Hier kann ein europäischer Netzverbund die Lösung sein. Dabei könnten diese regelbaren Kraftwerke von mehreren EU-Staaten genutzt werden. Die Anlagen wären besser ausgelastet und insgesamt wären auch weniger davon nötig. Wie etwa bei einer Fahrgemeinschaft, bei der nicht jeder einzeln mit dem eigenen Auto fahren muss.

Speichertechnologie noch nicht reif genug

Egal, ob Batterie- oder auch Gasspeicher, aktuell sind die Systeme noch nicht wirtschaftlich genug, um sie im großen Stil zu betreiben und so die jeweiligen Netze zu stabilisieren. Abhilfe schaffen kann hier, ähnlich wie bei den geteilten Kohlekraftwerken, das Teilen von Überschüssen. Hierdurch kann ebenfalls eine Versorgungssicherheit gewährleistet werden.
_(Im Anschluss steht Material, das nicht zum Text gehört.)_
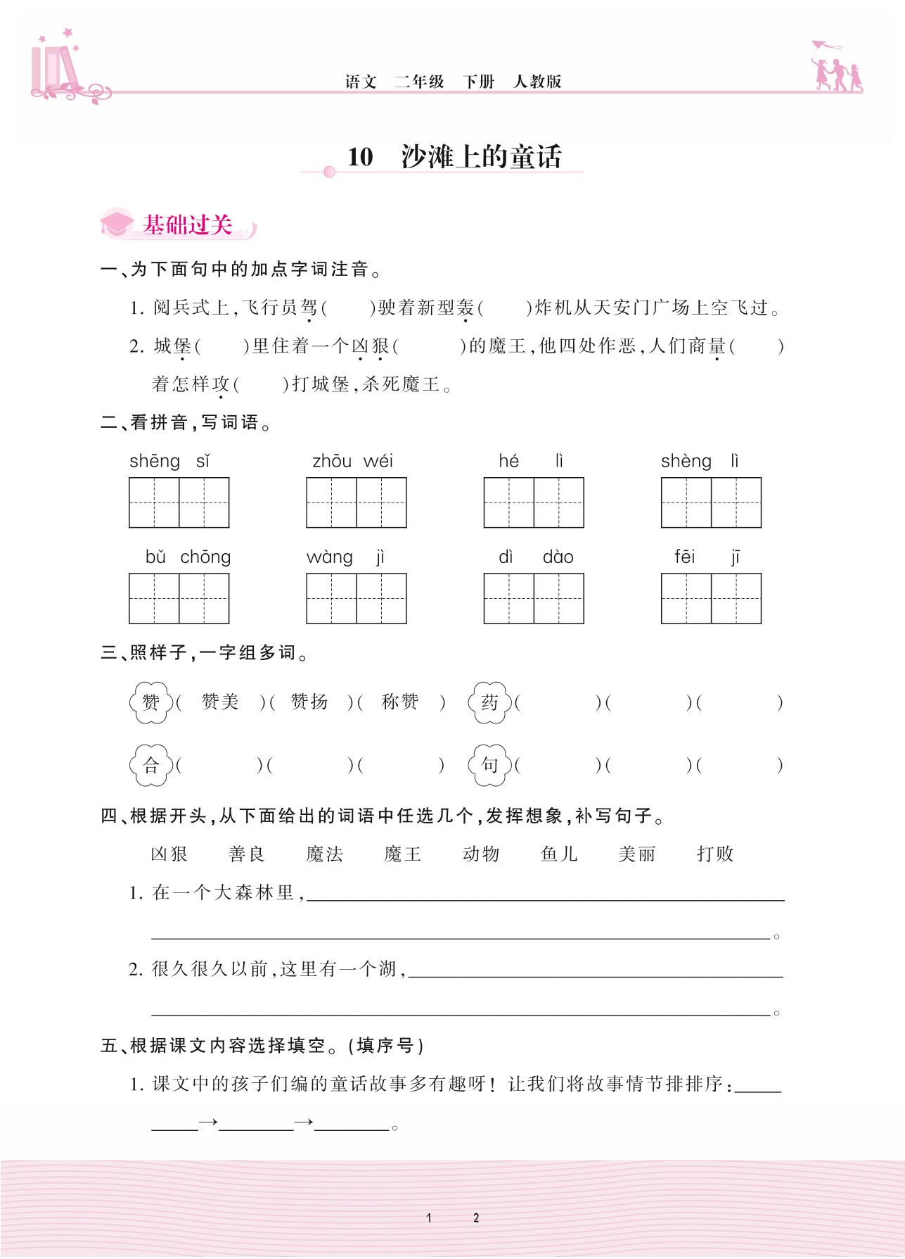 2021下册二年级语文人教版 第四单元 课文——10 沙滩上的童话

Grenzüberschreitende Netze müssen dazu gestärkt werden, sodass eventuell fehlender Strom in einem Land durch die Produktion eines anderen EU-Staates ausgeglichen werden kann. Die Energie wird dann dort abgegriffen, wo sie gerade günstig erzeugt wird.
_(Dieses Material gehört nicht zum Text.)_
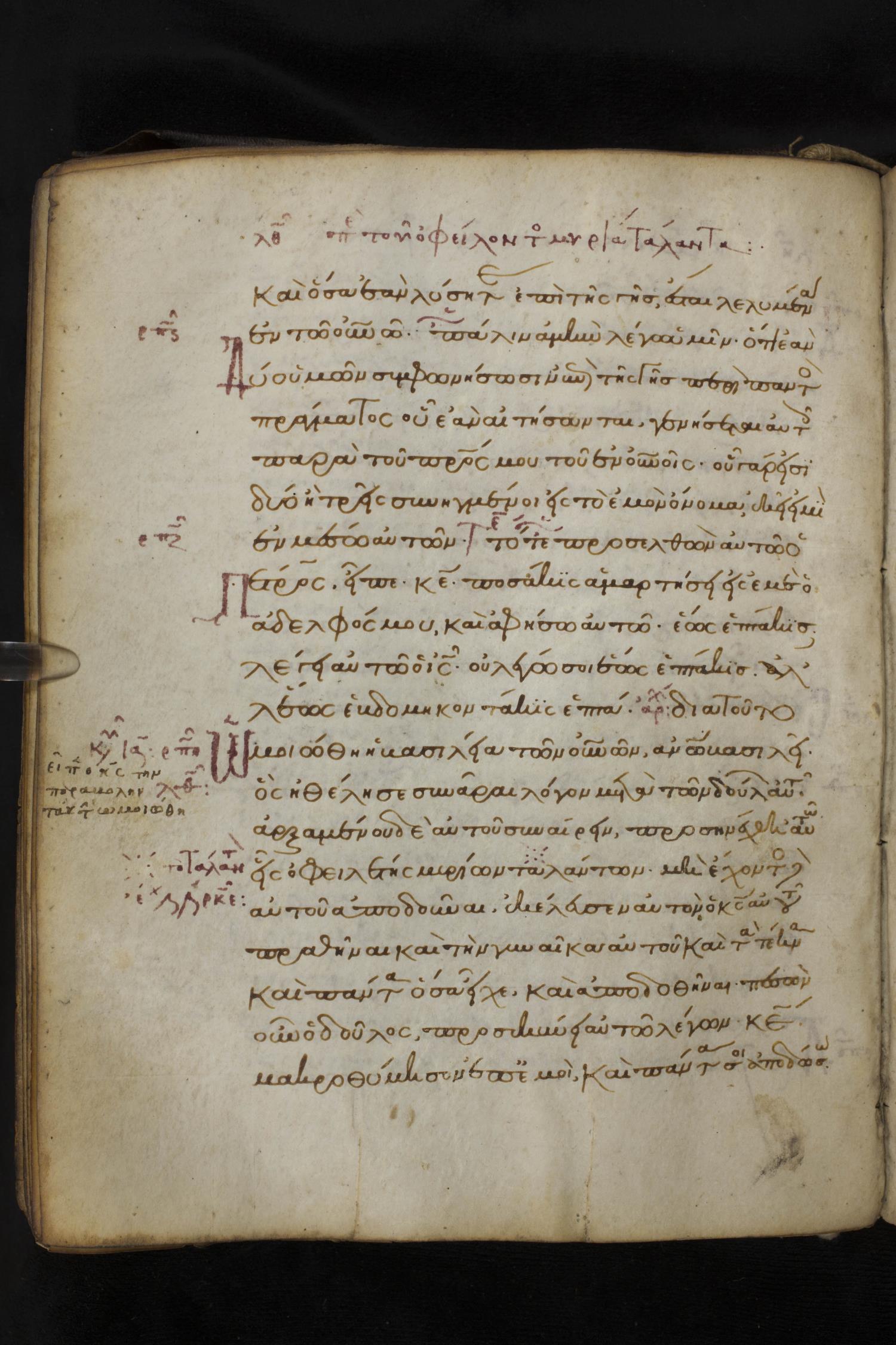 Thirteenth century minuscule of the Gospels on parchment; 172 leaves, 1 column, 20-30 lines per column. Images were taken at the National Library of Greece in Athens.

Die Zukunft liegt wohl in der Mischung mehrerer Methoden. Die Energieerzeugung mittels erneuerbarer Energien sollte ganz klar das Ziel sein. Jedoch müssen hier durch ein gemeinschaftliches Handeln der EU, Engpässe ausgeglichen und vermieden werden. Das ist jedoch nur dann möglich, wenn man auf bessere Stromleitungen und gestärkte Netze zurückgreifen kann. Erst dann ist es möglich, dass nach und nach eine fossile Energieproduktion abgeschafft werden kann und der Weg komplett frei ist für regenerative Strom- und Wärmeerzeugung. Die Umwelt wird es uns danken, denn es ist höchste Zeit, dass aus unserem Umdenken konkretes „Handeln“ wird.